Game theory and economic corruption

By George Dyson. Read the whole thing (via Robert Cottrell). Here is an excerpt:
We measure our economy in money, not in things. In the age of self-reproducing automata, we can suffer a declining economy, and pandemic unemployment, while still producing as much stuff as people are able to consume. We are facing the first economic downturn to include free cell phones, more automobiles than we have room for (in many locations you can now rent a car for less than it costs to park one) and computers that cost less than a month's health insurance yet run at billions of cycles per second for years.

Why the growing imbalance between the cost of people and the cost of machines? What prices are going up the fastest? Health care — the cost of maintaining human beings. What prices are going down the fastest? The cost of information and machines. What, really, is health-care reform? Human beings are being cared for by a dysfunctional, antiquated system, and we hope that this can be reformed by adopting efficiencies from the domain of machines. Where will this lead? Are we using computers to sequence, store, and more faithfully replicate our own genetic code, or are computers optimizing our genetic code (and health) so that we can do a better job of replicating them?

Replication of information is generally a public good (however strongly pockets of resistance may disagree). When financial instruments become self-replicating, trouble often ensues. The derivatives now haunting us were produced, not from natural factors of production or other goods, but from other financial instruments. There are numerous precedents for this.

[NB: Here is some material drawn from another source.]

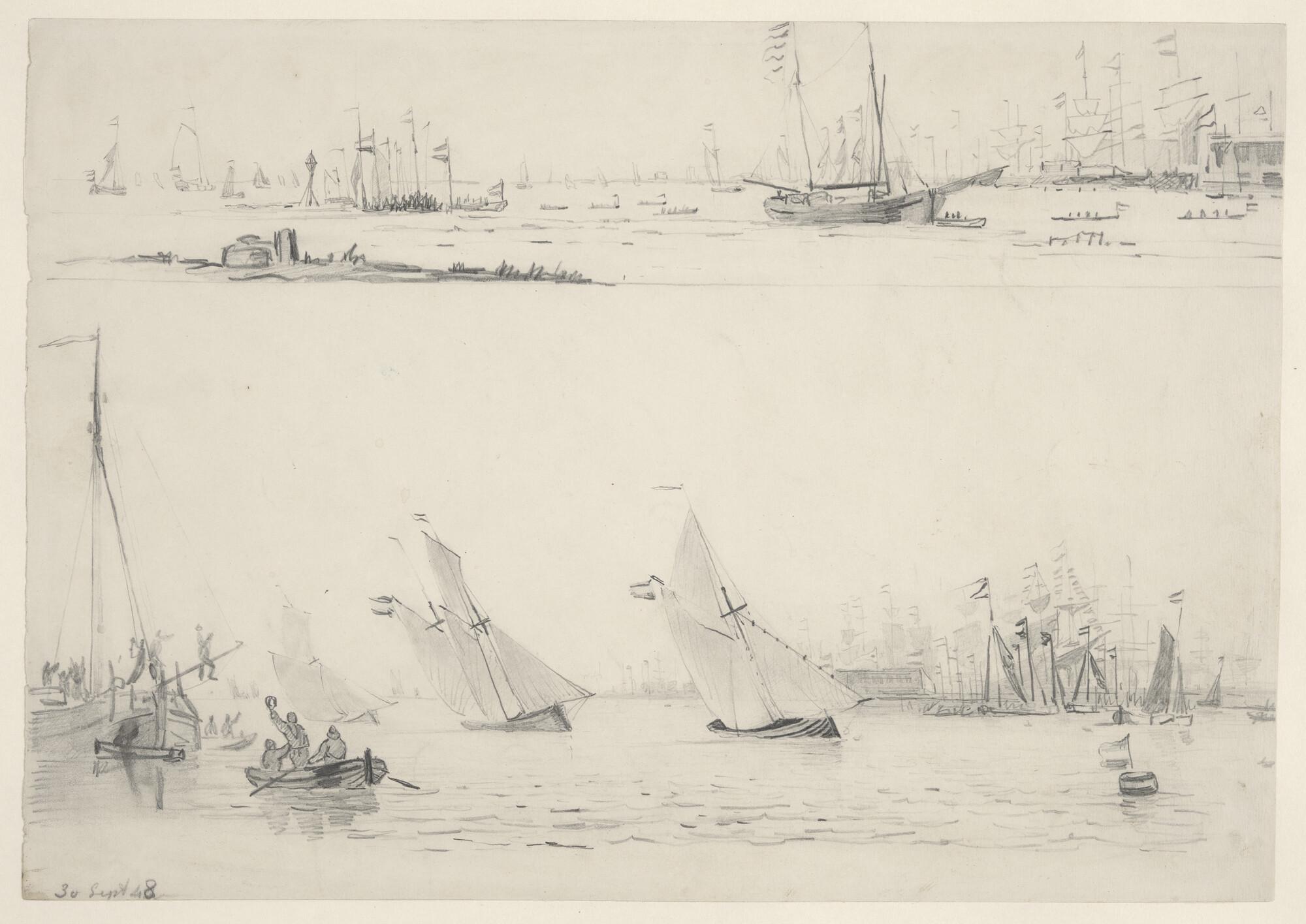 Zeilwedstrijd op het IJ, 30 september 1848, twee afb...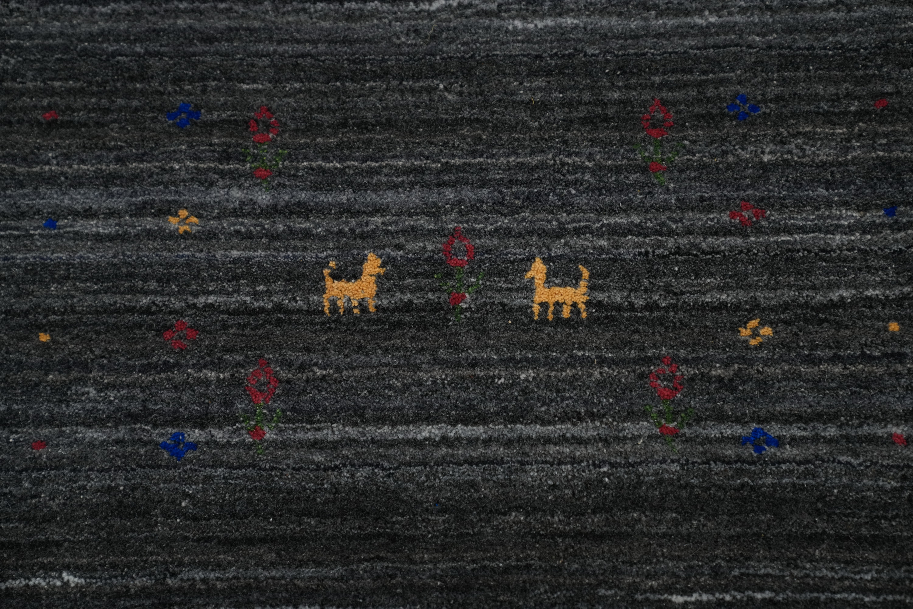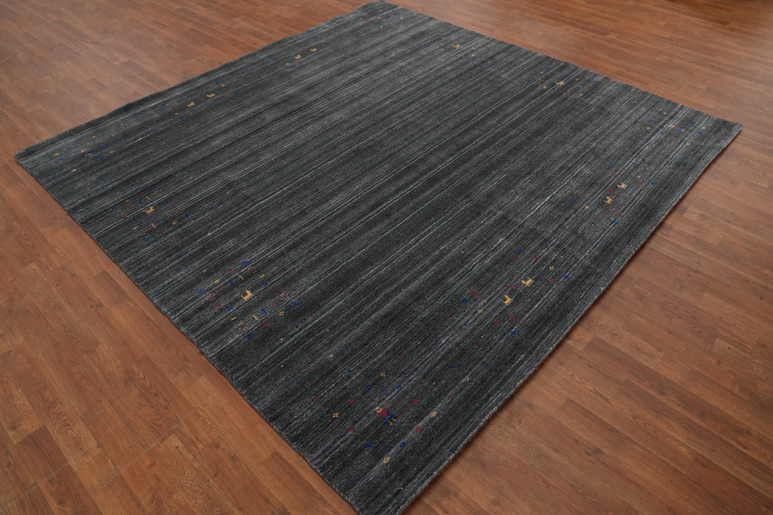 Exquisite Living Room Centerpiece Charcoal Handmade Gabbeh Rug 8x8 ft Square

As early as the twelfth century it was realized that money, like information but unlike material objects, can be made to exist in more than one place at a single time. An early embodiment of this principle, preceding the Bank of England by more than five hundred years, were Exchequer tallies — notched wooden sticks issued as receipts for money deposited with the Exchequer for the use of the king. "As a financial instrument and evidence it was at once adaptable, light in weight and small in size, easy to understand and practically incapable of fraud," wrote Hilary Jenkinson in 1911. "By the middle of the twelfth century, there was a well-organized and well-understood system of tally cutting at the Exchequer... and the conventions remained unaltered and in continuous use from that time down to the nineteenth century."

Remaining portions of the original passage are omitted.